Rekonstruksi Penembakan Pelanggaran Covid 19 di RM Caffe Cengkareng

Mahaganews.com | Penyidik Ditreskrimum Polda Metro Jaya rekonstruksi kasus penembakan yang dilakukan oleh anggota Polri berpangkat Bripka berinisial CS yang bertugas di polsek Kalideres.

Penembakan oleh oknum polisi yang dilepaskan menyebabkan tiga orang meninggal dunia dan melukai satu orang pengunjung. Salah satu korban meninggal adalah seorang anggota TNI AD aktif berinisial S.

Direktur Reserse Kriminal Umum Polda Metro Jaya Kombes Pol Tubagus Ade Hidayat menyampaikan, rekonstruksi berlangsung di RM Cafe, Kelurahan Cengkareng Jakarta Barat, dilakukan pada, Senin, Jam 2 Siang (29/3/21).

Kabid Humas Polda Metro Jaya, Kombes Pol Yusri Yunus menerangkan, penembakan bermula ketika CS mendatangi sebuah Cafe di wilayah Cengkareng, Jakarta Barat pada Kamis (25/2/2021) sekira pukul 02.00 WIB.

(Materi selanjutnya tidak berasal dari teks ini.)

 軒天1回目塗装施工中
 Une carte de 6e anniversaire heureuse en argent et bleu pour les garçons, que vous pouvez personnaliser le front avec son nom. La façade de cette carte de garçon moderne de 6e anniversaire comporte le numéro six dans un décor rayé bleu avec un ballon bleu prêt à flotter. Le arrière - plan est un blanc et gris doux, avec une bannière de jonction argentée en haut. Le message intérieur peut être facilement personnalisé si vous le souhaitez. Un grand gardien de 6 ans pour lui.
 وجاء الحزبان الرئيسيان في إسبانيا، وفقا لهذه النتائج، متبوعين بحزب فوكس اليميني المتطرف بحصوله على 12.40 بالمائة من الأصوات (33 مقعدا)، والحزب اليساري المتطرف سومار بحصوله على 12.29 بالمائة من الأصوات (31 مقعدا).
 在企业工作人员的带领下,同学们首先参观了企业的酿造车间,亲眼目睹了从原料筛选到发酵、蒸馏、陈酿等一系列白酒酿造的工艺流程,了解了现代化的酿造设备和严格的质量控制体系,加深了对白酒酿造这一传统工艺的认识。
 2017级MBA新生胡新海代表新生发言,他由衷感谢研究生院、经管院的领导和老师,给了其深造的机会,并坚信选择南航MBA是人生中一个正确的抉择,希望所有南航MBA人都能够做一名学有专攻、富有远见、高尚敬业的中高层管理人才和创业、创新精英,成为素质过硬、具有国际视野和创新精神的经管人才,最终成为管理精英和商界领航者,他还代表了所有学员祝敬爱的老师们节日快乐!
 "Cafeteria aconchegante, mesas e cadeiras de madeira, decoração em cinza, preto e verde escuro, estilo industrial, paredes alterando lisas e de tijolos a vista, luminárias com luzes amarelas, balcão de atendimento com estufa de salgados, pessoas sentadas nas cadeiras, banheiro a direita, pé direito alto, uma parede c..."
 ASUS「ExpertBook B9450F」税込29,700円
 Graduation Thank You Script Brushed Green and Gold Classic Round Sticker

“CS kemudian melakukan minum-minum di sana sampai pukul 04.00 pagi, kata dia saat Konferensi Pers, Kamis (25/2/2021).

Yusri menerangkan, saat itu kafe akan tutup dan CS pergi ke kasir untuk menyelesaikan pembayaran. Namun, terjadilah cek-cok antara tersangka dengan pegawai kafe.

Dalam kondisi yang mabuk, CS kemudian melepaskan tembakan. Tiga orang dilaporkan meninggal dunia dan satu orang terluka.

“Kafe akan tutup saat akan bayar terjadi cekcok antara tersangka dan pegawai, dengan kondisi mabuk CS mengeluarkan senjata api dan menembak,” ujar dia.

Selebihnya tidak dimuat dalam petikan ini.